Some opinions that are objecting to the above (especially replacing iterators with pointers) are discussed on Reddit for details.
Some methods are expensive. Taking the NOPE branch as an example, we did not mention the relevant methods of leaves, but this one can be found. Suppose our JDBC driver needs to overcome all difficulties to calculate the return value of the ResultSet.wasNull() method. The SQL framework we implement ourselves may look like this:
if (type == Integer.class) {result = (T) wasNull(rs,Integer.valueOf(rs.getInt(index)));}// And then...static final <T> T wasNull(ResultSet rs, T value)throws SQLException {return rs.wasNull() ? null : value;}In the above logic, the ResultSet.wasNull() method is called every time the int value is obtained from the result set, but the method of getInt() is defined as:
Return type: variable value; if the SQL query result is NULL, return 0.
So a simple and effective way to improve it is as follows:
static final <T extends Number> T wasNull(ResultSet rs, T value)throws SQLException {return (value == null ||(value.intValue() == 0 && rs.wasNull()))? null : value;}This is a breeze.
Cache method calls to replace high overhead methods on leaf nodes, or avoid calling high overhead methods if the method convention allows.

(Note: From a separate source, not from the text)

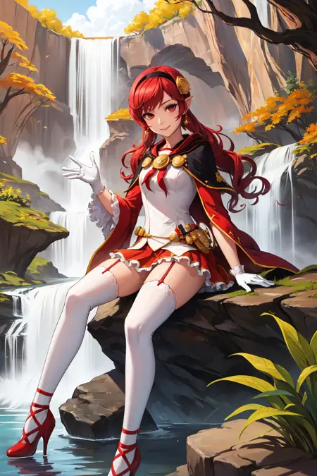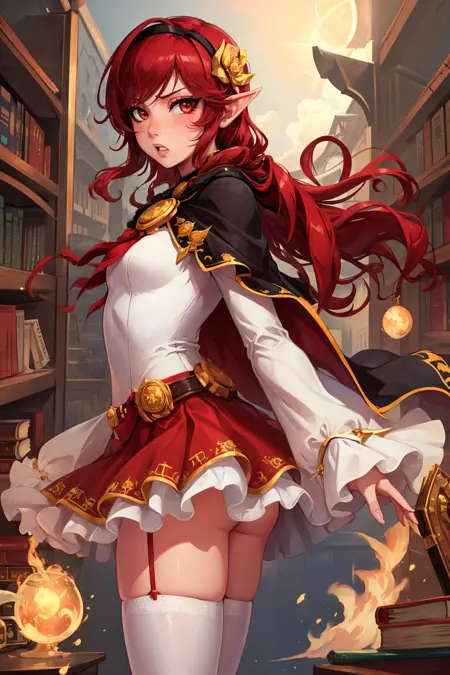 彼女の典型的な外見には、「ヘアバンド、黒いカペレット、白い手袋、白いシャツ、赤いスカート、白いタイツ、ガーターストラップ、ハイヒール」を追加してください。

The above introduces the use of a large number of generics in the example from jOOQ, resulting in the use of byte, short, int and long wrapper classes. But at least generics should not be a code limitation until they are specialized in Java 10 or Valhalla projects. Because it can be replaced by the following method:
//Stored on the heap Integer i = 817598;
...If you write this way:
// Store on the stack int i = 817598;
Things can get worse when using arrays:
//Three objects were generated on the heap Integer[] i = { 1337, 424242 };...If you write this way:
// Only one object is generated on the heap int[] i = { 1337, 424242 };When we are deep in the NOPE branch, we should try our best to avoid using packaging classes. The downside of doing this is that it puts a lot of pressure on GC. GC will be very busy to clear objects generated by the packaging class.
So an effective optimization method is to use basic data types, fixed-length arrays, and use a series of split variables to identify the position of the object in the array.
trove4j, which follows the LGPL protocol, is a Java collection class library, which provides us with better performance implementation than the shaping array int[].
The following exception is for this rule: because boolean and byte types are not enough to allow JDK to provide a cache method for it. We can write this way:
Boolean a1 = true; // ... syntax sugar for:Boolean a2 = Boolean.valueOf(true);Byte b1 = (byte) 123; // ... syntax sugar for:Byte b2 = Byte.valueOf((byte) 123);
Other basic types of integers also have similar situations, such as char, short, int, and long.
Do not automatically box these integer primitive types when calling constructors or call the TheType.valueOf() method.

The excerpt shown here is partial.